Exploring the interaction of microcystin-LR with proteins and DNA.

The physiological role of microcystin-LR is still under discussion, and since binding of microcystin-LR to proteins different from their main cellular targets was described, we have performed experiments in order to explore this interaction. A non-specific interaction of microcystin-LR with a variety of soluble proteins in vitro is disrupted when using organic solvents such as methanol.

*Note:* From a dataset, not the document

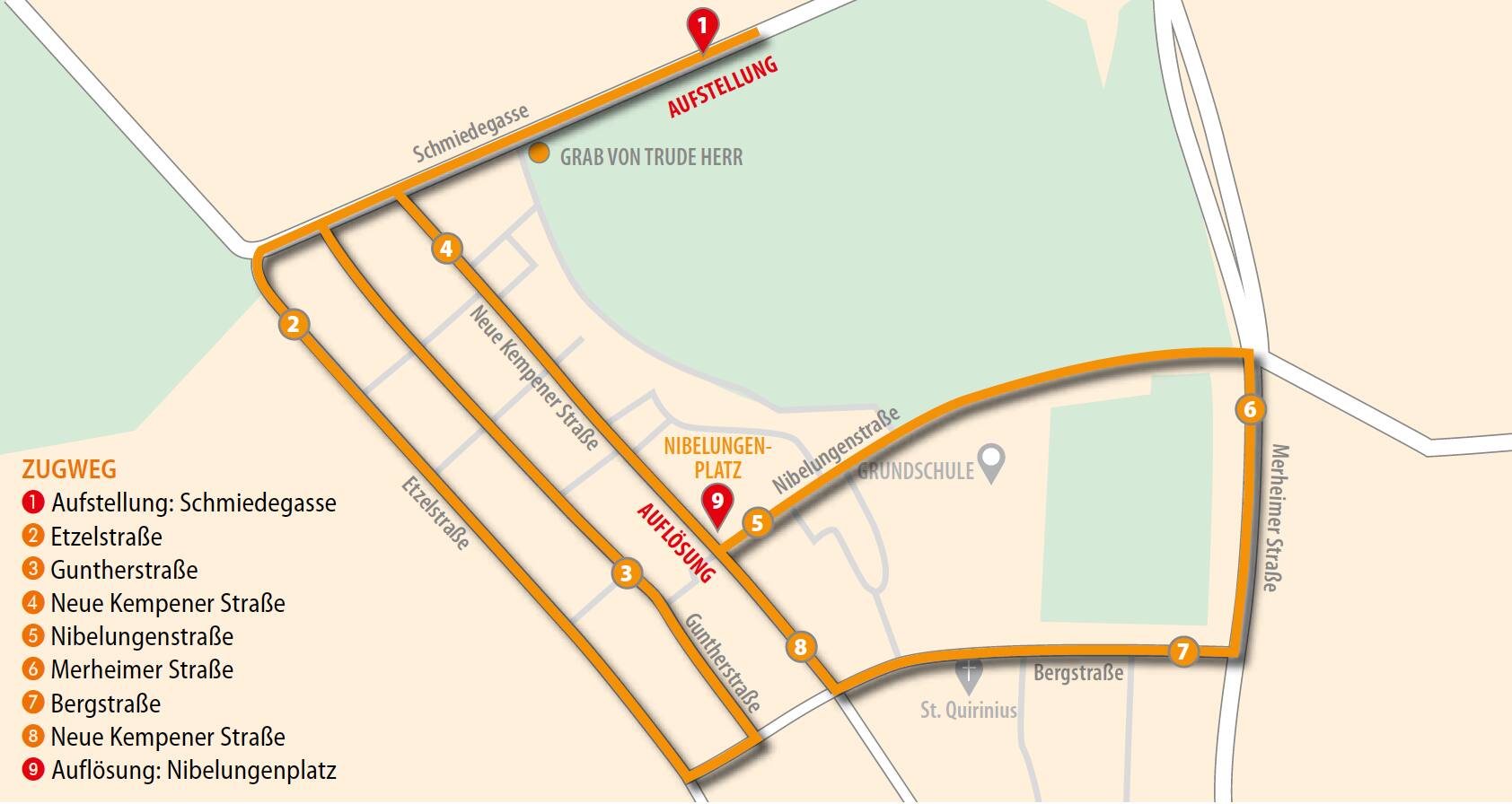 Zugweg: Etzelstr. – Bergstr. – Guntherstr. – Schmiedegasse – Neue Kempener Str. – Niebelungenstr. – Merheimer Str. – Theklastr. – Grüner Hof – Friedrich-Karl-Str. – Merheimer Str. – Bergstr. –

The isoelectric point of proteins is not affected by their interaction with microcystin-LR, even though the presence of microcystin-LR alters the pool of peptides obtained by tryptic digestions. Under the conditions tested, microcystin-LR does not exhibit affinity for DNA. Although it is unlikely that the non-specific binding of microcystin-LR to proteins has a physiological meaning, one must be aware of the fact that determinations of the toxin extracted from any biological sample may be affected by the presence of proteins in the extracts. Consequently, we strongly recommend use organic solvents and to lyophilise the tissue samples to guarantee the accessibility of these organic solvents to microcystin-LR when performing experiments with tissue or cell extracts.